Let's have some fun.

This gentleman you probably don't know. His name is Monty Hall.

Starting in 1963, for many years Monty Hall ran a game show called Let's Make a Deal.

In the center of the game show was a puzzle

that puzzles statisticians to the present day.

In this unit, which is optional in the statistics class,

I'll let you solve the Monty Hall problem, and you'll get a chance to program it

to verify that the assertion, which is not obvious, is actually correct.

Here we go.

The essence of the game are three doors.

Behind one of those is a beautiful car, but Monty won't tell you where the car is.

Instead, all the doors are covered by curtains.

The subject of the game is as follows.

You get to place a bet. Say you pick door 2.

If behind the bet you place you'll win the car. Otherwise, you'll win nothing.

So far, so good.

Here's the caveat.

Obviously, between the two remaining doors there'd be one that doesn't contain the car.

Monty is going to be mean. He's going to show you.
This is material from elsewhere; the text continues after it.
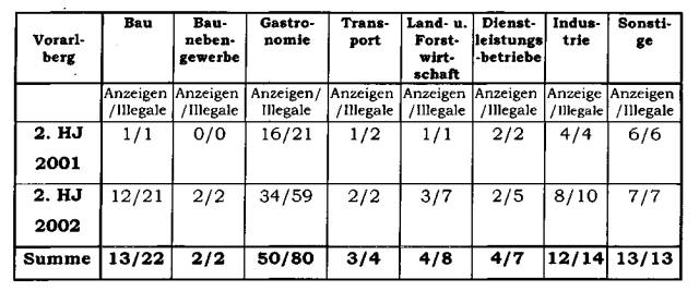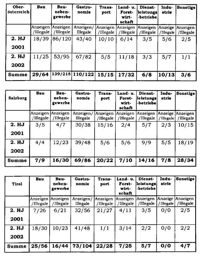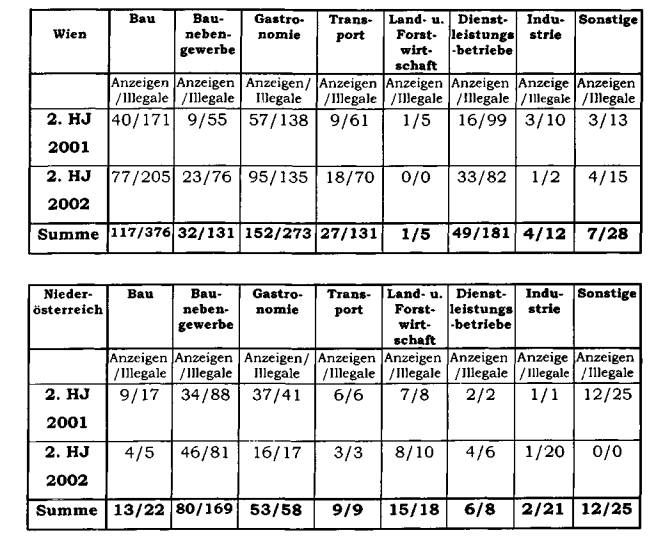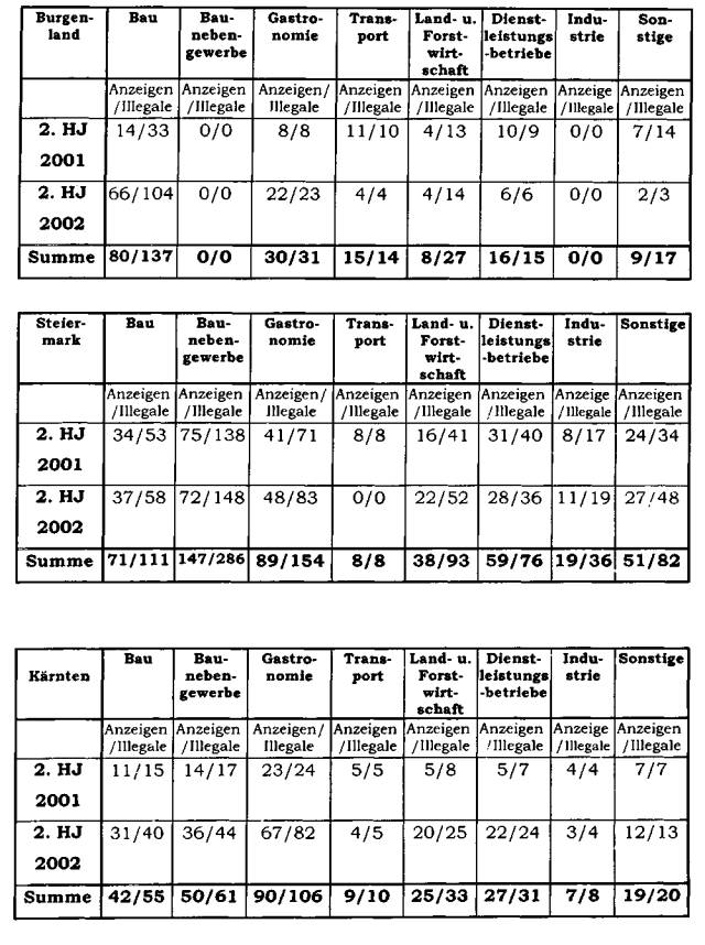 Anzeigen und die Anzahl der festgestellten illegal Beschäftigten

He's going to lift the curtain from one of the other doors, and there is clearly no car.

After now closing the curtain again, he'll ask you do you want to switch.

That is, do you want to change your vote to the remaining curtain

in the hopes of having an increased chance of winning the car.
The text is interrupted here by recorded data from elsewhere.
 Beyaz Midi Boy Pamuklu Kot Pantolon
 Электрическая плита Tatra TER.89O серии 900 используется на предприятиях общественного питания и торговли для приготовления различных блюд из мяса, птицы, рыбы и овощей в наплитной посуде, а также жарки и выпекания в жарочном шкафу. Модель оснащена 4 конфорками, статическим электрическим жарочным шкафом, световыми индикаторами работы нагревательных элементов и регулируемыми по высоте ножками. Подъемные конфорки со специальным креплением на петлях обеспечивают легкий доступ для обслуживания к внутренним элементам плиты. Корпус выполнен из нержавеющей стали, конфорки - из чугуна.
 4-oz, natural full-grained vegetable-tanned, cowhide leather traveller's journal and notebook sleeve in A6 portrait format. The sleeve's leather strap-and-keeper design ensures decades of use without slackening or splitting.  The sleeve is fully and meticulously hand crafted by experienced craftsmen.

The reason why this problem is interesting is because when Monty Hall lifted the curtain

he really didn't tell you anything.

You knew in advance that one of the two curtains wouldn't contain the car.

The mere fact that he lifted the curtain should give you zero information

relative to where between the remaining doors the car is.

All you know now is that door 3 doesn't contain the car,

but why should door 1 now be more likely than door 2.

Here's the question.

What are the probabilities of the car being behind door 1, door 2, and door 3,

provided that your initial pick was door 2 and Monty then lifted door 3 to show you there's no car?